Взял Иркалла меч в правую руку, а левой взялся за острый клинок и сжал пальцы, но устоял клинок, не пошли по нему трещины, не рассыпался он пылью и прахом. Тогда сжал Иркалла клинок посильнее, и трещины пошли по мечу, и сломался он, оставив на ладони бога неглубокий порез. Вздохнул Гирра, развёл руками:
– Что ж, и женское сердце оказалось не намного крепче мужского, не знаю уж, старший брат, что теперь придумать. Дай мне срок: семижды семьдесят дней…
– Оставь, Гирра, эту заботу! – воскликнул Иркалла, замахнувшись на мастера-кузнеца, так что тот в великом страхе чуть было не бросился прятаться в пылающем горне, да вовремя опомнился. – Или я не знаю, что и за семижды семьдесят дней не придумаешь ты ничего лучше, чем прежде!
<несколько слов неразборчиво>
…задумался Нергал, из чего бы изготовить ему меч, и ничего не мог придумать, сколько ни старался, и наконец так опечалился, что отказался забирать души умерших в загробный мир, пока не найдёт подходящего материала, из которого мог бы выковать для себя меч. Тогда перестали умирать люди, и переполнился мир живых, и раздались повсюду плач и стенания, но глух был Иркалла к мольбам: день и ночь искал он, из чего бы изготовить клинок, что был бы твёрже каждого из семи металлов, из которых сотворён мир. Наконец, утомившись поисками, уснул он на берегу реки, что текла через пустыню, под сенью дерева, протянувшего над водой свои зелёные ветви, а когда проснулся, увидел девочку, что бродила по колено в воде и пыталась поймать кого-то сачком. Бог смерти долго наблюдал за нею, пока она не вышла из реки и не подошла к нему, и не опустила свою руку в сачок, в котором билось что-то живое, и не протянула ему на раскрытой ладони маленькую серебристую рыбку, и не сказала:
– Вот рыбка-четырёхглазка, в каждом глазу у неё – по два зрачка: один собирает солнечный свет, другой – лунный. Она не мечет икру, но рождает живых мальков, как человек. Я много дней пыталась изловить её в этой реке, вода которой чиста и прозрачна, а всё же обманчива, как всякая вода, и скрывает то, что есть на самом деле, а потому не раз, увидев рыбку, я упускала её, зачёрпывая своим сачком лишь пустоту и ничто. Но вот я нашла и поймала рыбку, чтобы показать её тебе и спросить тебя, чего ты ищешь и кого ты хочешь поймать.

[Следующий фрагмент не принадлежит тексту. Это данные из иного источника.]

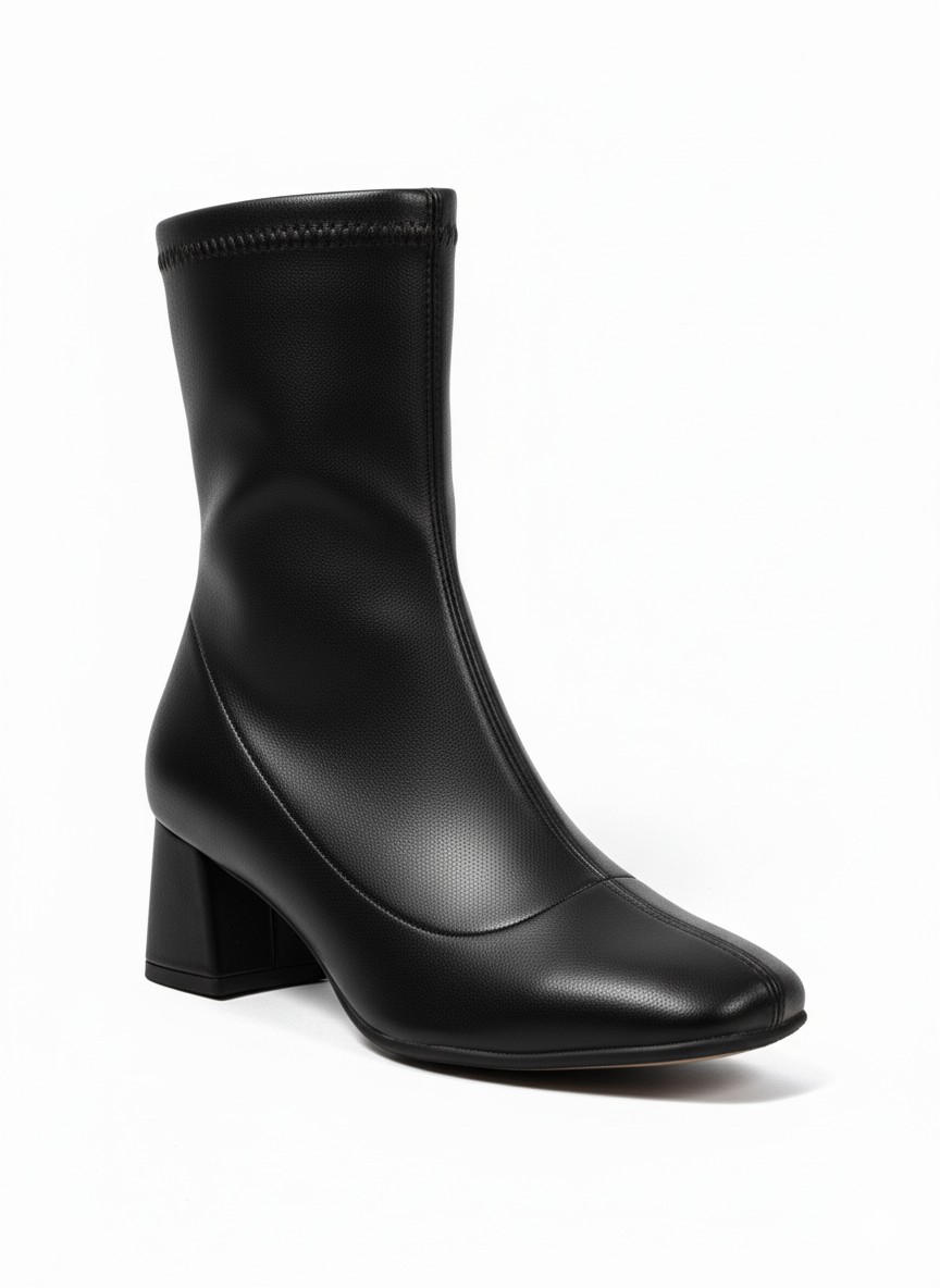 Siyah Esnek Bot Kare Burun Kalın Topuk Kadın Günlük Bot 999₺ | SCB298
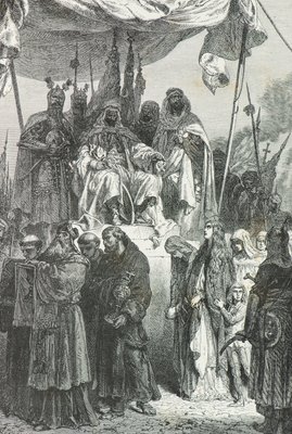 Saladin ziet de christenen Jeruzalem verlaten in 1187 (gravure)(Saladin watches the Christians leave Jerusalem in 1187 (Engraving))Alphonse Marie de Neuville |

И рассказал ей Иркалла, что ищет он, из чего бы выковать меч, твёрже и острее которого не было бы ни в мире смертных, ни в мире богов.

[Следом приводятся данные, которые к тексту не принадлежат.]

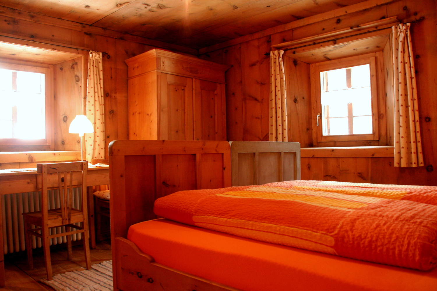 la Sctua da Damin: Groß und hell, ist dieses Zimmer ebenfalls aus Kiefernholz gefertigt. Hier lässt sich die Zeit vergessen, während der Blick auf die majestätischen Gipfel und dichten Wälder die Seele beruhigt. Auch dieses Zimmer kommt mit einem geschmackvollen Badezimmer mit Dusche.
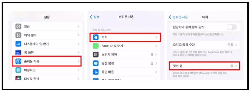 5. 이제 아이폰 설정에서 손쉬운 사용 > 터치 > 뒷면탭을 선택하세요.
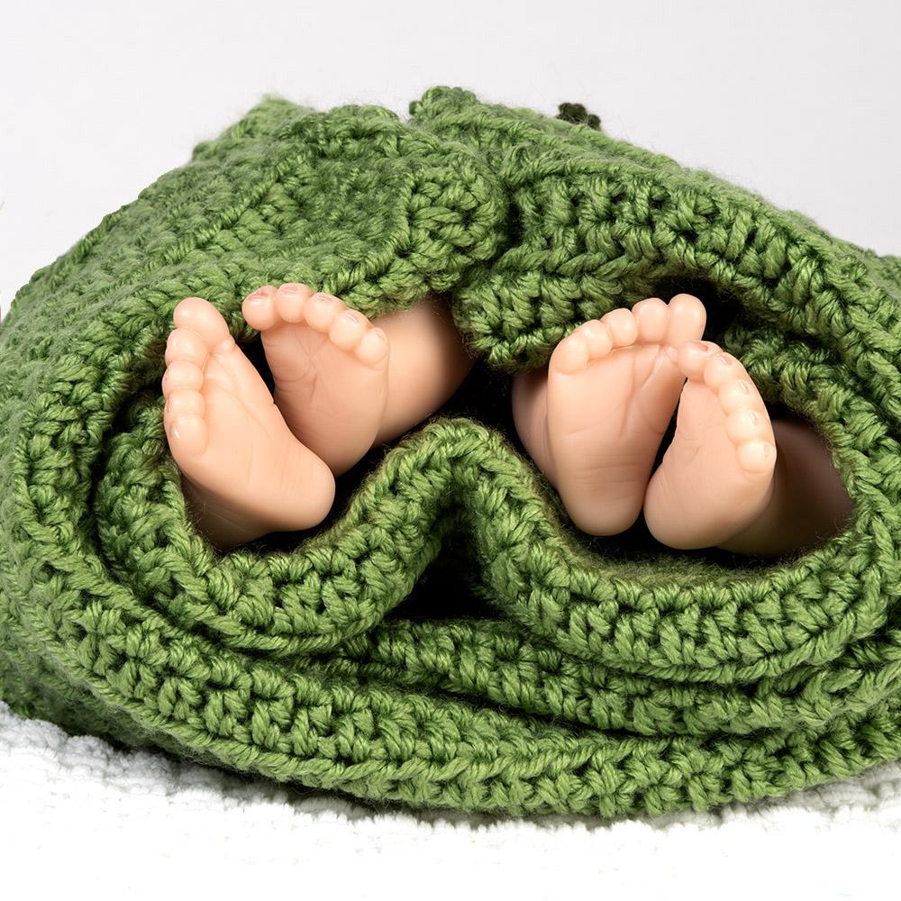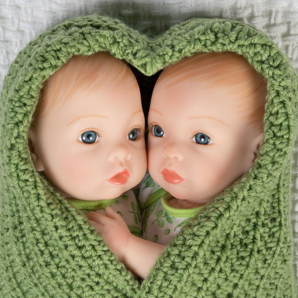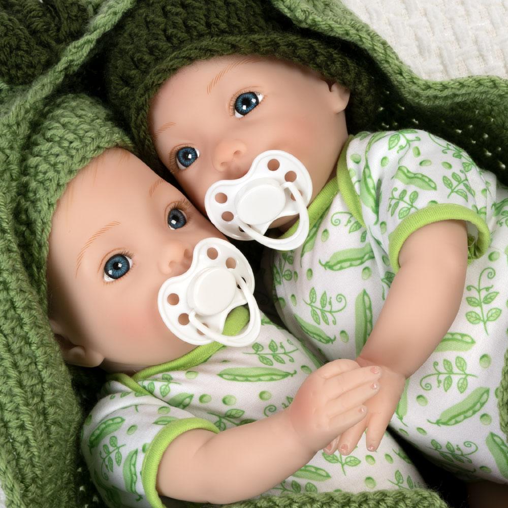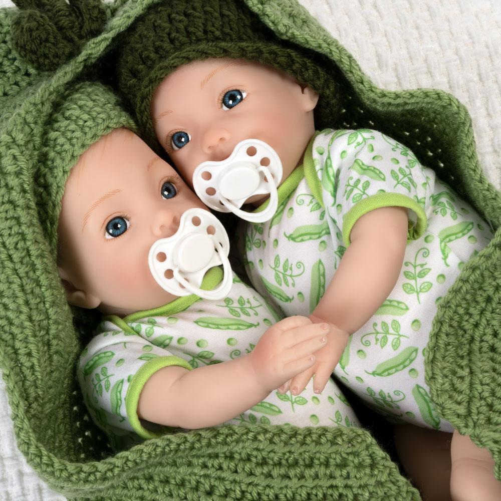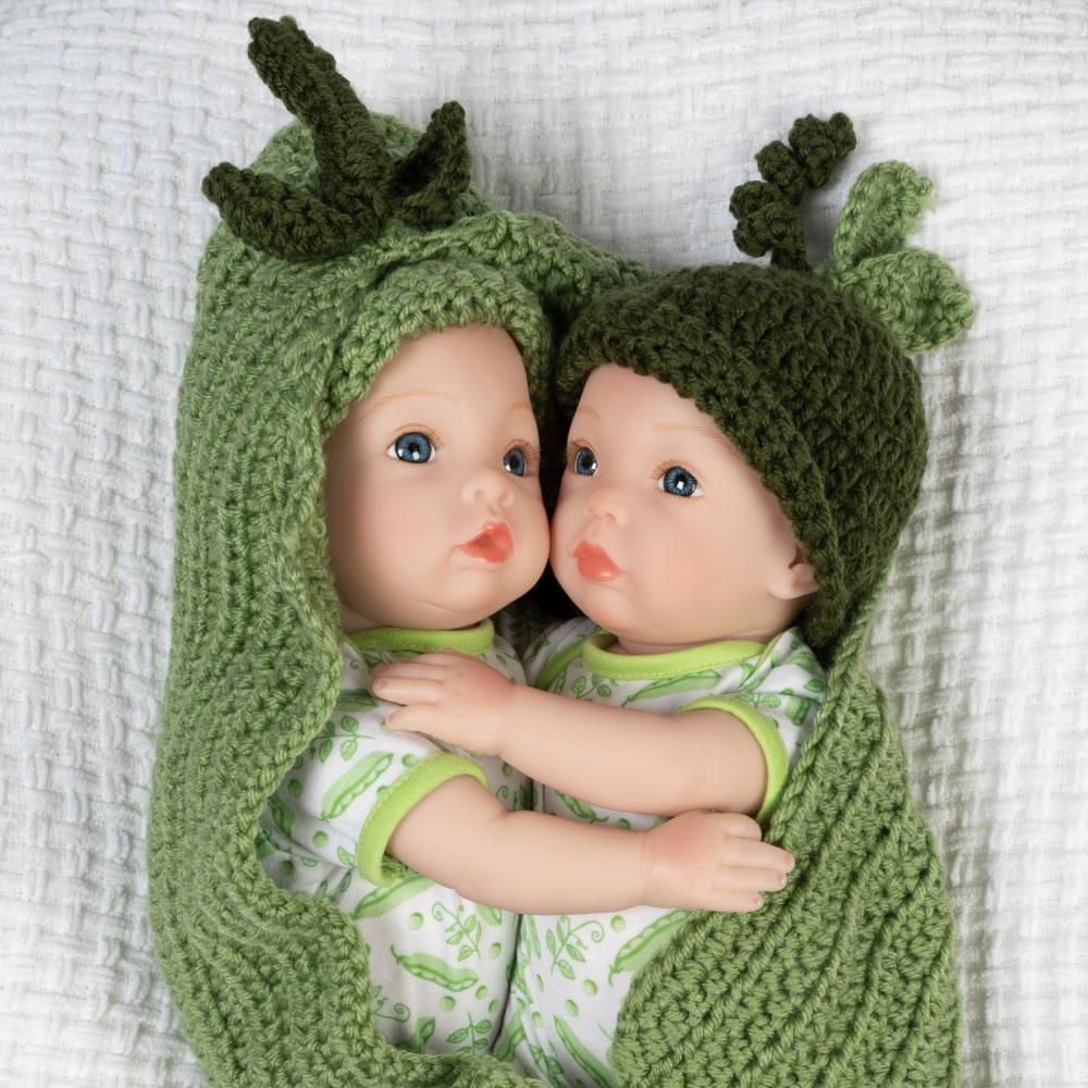 Meet our adorable newborn twins that are inseparable as Two Peas in a Pod! These sweet babies tightly embrace in their cozy crocheted pea pod with matching custom pea-patterned onesies and complimenting crocheted beanies, perfectly ready for Fall. Their delicate, soft features, beautiful round blue eyes that pop, button noses, and hand-painted pouty lips will be sure to make you melt! The twins cherish each other so much, and no matter where they go, they will always find their way back to each other to snuggle up in their peapod nook.

– Разве сам ты не знаешь, что тебе нужно и кого ты ищешь, разве тебе не известно, из чего выковать такой меч, твёрже и острее которого не нашлось бы ни в мире людей, ни в мире богов? – удивилась девочка.
Покачал головой Иркалла:
– Ты права, мне всё известно, ибо при свете солнечном и при свете лунном вижу я не хуже рыбки-четырёхглазки, которую ты для меня изловила, и без труда глаза мои видят в кромешной тьме, а всё же не хотелось бы мне знать того, что я знаю, и не хотелось бы мне забирать у тебя то, что я должен забрать.

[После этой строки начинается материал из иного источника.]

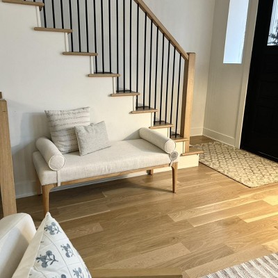 Loved this bench for tying our living room together. It was very easy to assemble and it’s a wonderful neutral piece that can match any design. The side cushions do sometimes tend to fall off as they are tied together by a Velcro band but it could also be due to “rough sitting” from my kids and dog.
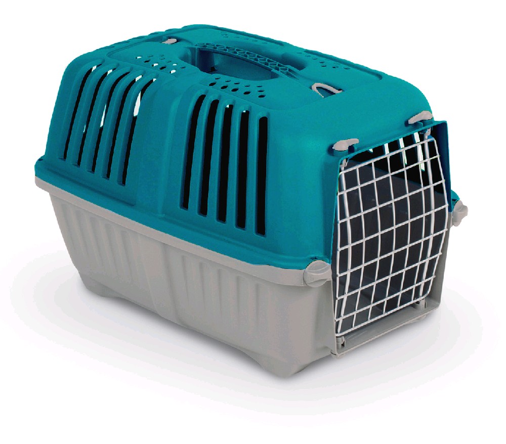 Odlehčená plastová přepravka Pratiko pro kočky a psy s kovovými dvířky.
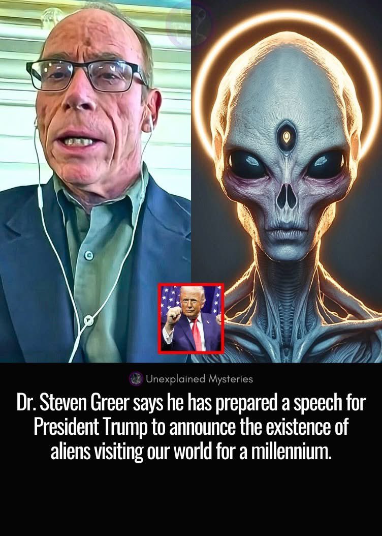 스티븐 그리어 박사는 도널드 트럼프 대통령이 외계인이 천년 동안 지구를 방문해 왔다는 사실을 발표하는 연설문을 준비했다고 밝혔습니다.
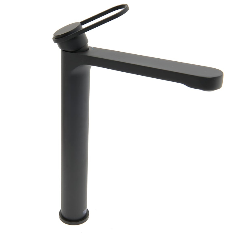 Páková stojánková vysoká umyvadlová baterie bez výpusti v černém matném provedení.

Так сказал Иркалла и взял с ладони девочки рыбку-четырёхглазку, и подошёл к реке, и отпустил рыбку в воду, но не поплыла она прочь, не скрылась в зарослях тростника, потому как все её четыре глаза были закрыты, и не двигались её серебристые плавники, и была она мертва, как белый песок, устилавший речное дно.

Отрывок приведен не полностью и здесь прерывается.